La question du temps reste centrale, c'est le bien le plus rare, associé à l'idée de la mort, le temps nous renvoi à cette fin qui nous attends en définitive. J'ai parfois l'impression qu'autrefois le manque de temps poussait les hommes à dépasser leur limite, tandis qu'aujourd'hui, bon nombre pense avoir "le temps". Lucidité ou dégât collatéral de notre sur-sasiété ?
Que la mort soit envisagée d'un point de vue individuel, personnel, c'est une figure imposée de notre programme, mais elle doit être également envisagée sous l'angle collective. Nous sommes aujourd'hui à un stade de développement que, ayant atteint l'age de raison, notre espèce est aujourd'hui consciente de son processus d'autodestruction.
Nicholas Georgescu-Roegen:
C'est seulement à cause de sa nature biologique que l'homme a le souci de ses descendants immédiats, mais généralement non point au delà de ses arrière-petits-enfants. Et il n'y a ni cynisme ni pessimisme à croire que, même si on lui faisait prendre conscience de la problématique entropique de l'espèce humaine, l'humanité n'abandonnerait pas volontiers ses fastes actuels en vue de faciliter la vie des humains qui naîtront dans dix mille ans, voire dans mille ans seulement.

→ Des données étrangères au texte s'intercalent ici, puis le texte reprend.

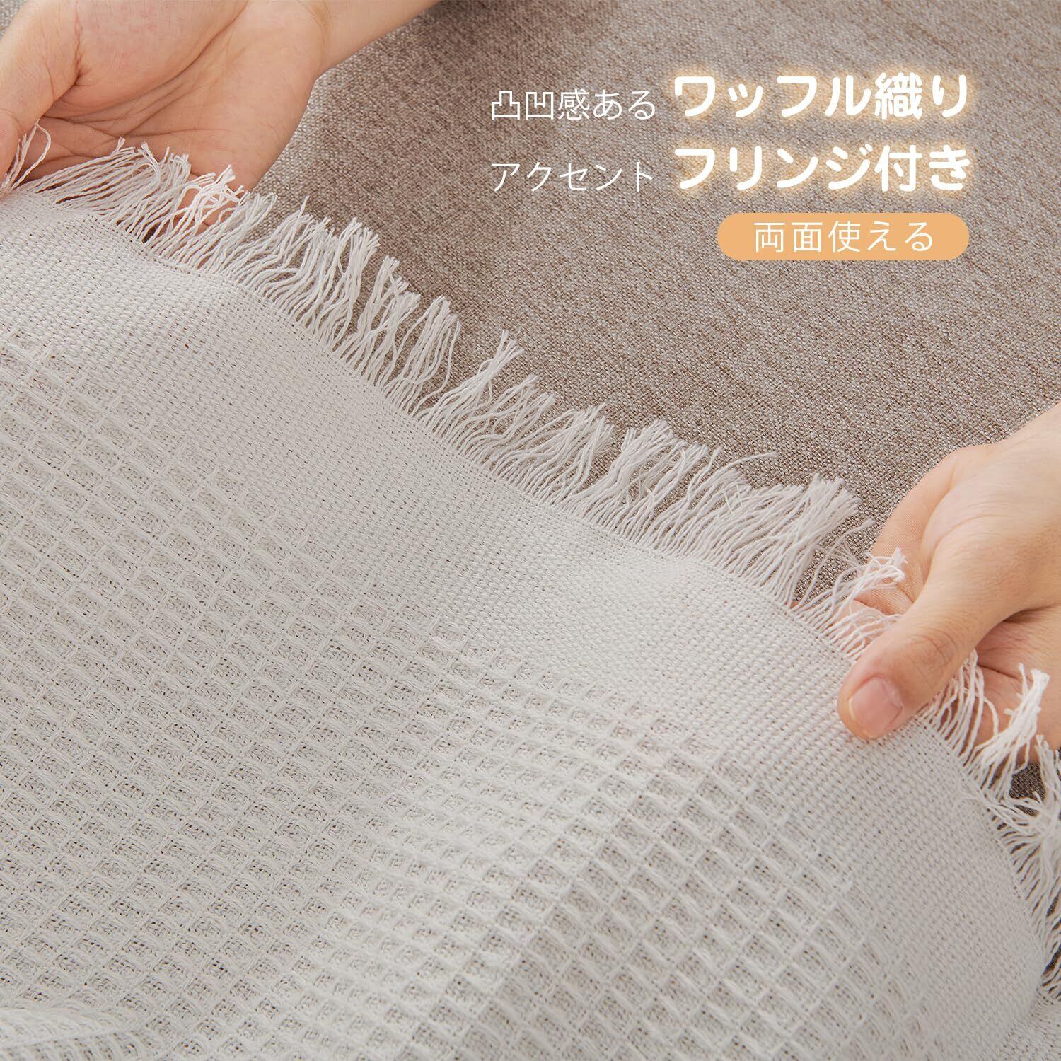 Atokazo ソファーカバー 北欧風 マルチカバー ソファカバー 肘付き 肘なし 多機能 ブランケット 綿 無地 リバーシブル フリンジ付き おしゃれ 保護カバー 防塵 キズ防止 汚れ防止 洗える 四季通用 ホワイト・ワッフル柄 90X180cm(1人掛け) | BASE SHOP

La Terre est le berceau de l’humanité, mais l’homme n’est pas fait pour passer toute sa vie dans son berceau.
J'ai faim !
Je fais parfois une pause, entammant une lente et douloureuse digestion du commun. Je sens alors cet effroyable vertige de dépression, conséquence de ma boulimie permanente, je ne trouve pas d'issue, je rechute dans mon quotidien, je m'abruti pour ne plus penser.
Même ces chose là, je les consomme avec une habitude toxique semant la stérilité dans mon esprit. L'assommoire moderne est protéiforme, diffusé en réseaux, omniprésent, opressant.
Mais fais toi donc à l'idée !! Consume toi dans ta soif autophage, détruit toi c'est ta seule voie d'existance, simple celulle d'une tumeur maligne nomé humanité.
Je me demande quelle est la finallité ? Subir et mourir, pas d'autres alternatives...
L'estomac vide a été de tout temps le moteur de la révolte. Ayant compris ça, nous nous assenons une overdose de nouriture pour notre corps mais désormais aussi pour notre esprit.
J'ai faim mais envie de vomir, comme à la sortie d'une orgie à bas prix, faite de frittes grasse et de sandwich plastifié où l'on fornique avec l'ennui . J'arrive au point de non-retour, je ne suis pas seul, ça me fait peur...
Prélude
Sans doute car je suis assez térrifié par ce qui se dessine jour après jour sous mes yeux. Du statut de simple passager de mon existence, de bête abruti ayant pour fonction de consommer, je veux devenir acteur de mon destin. A ma toute simple échelle je perçois l'étendu de la "vallée de larmes" qu'est une existence. Je n'ai pas de but, je participe d'un mouvement, fou et vulgaire, une paupérisation de l'esprit, une aliénation et je cheche d'autres moyens pour m'abrutir, tenir?
Mes desirs ne sont pas que commerciallement exploitables, bon nombre d'entres eux certes, mais pas tous. Il me reste cette envie de parvenir à modifier le présent, ce futur proche, pour voir la raison - la seule l'unique, laquelle ?- reprendre sa place, au coeur de notre vie communautaire d'êtres humains.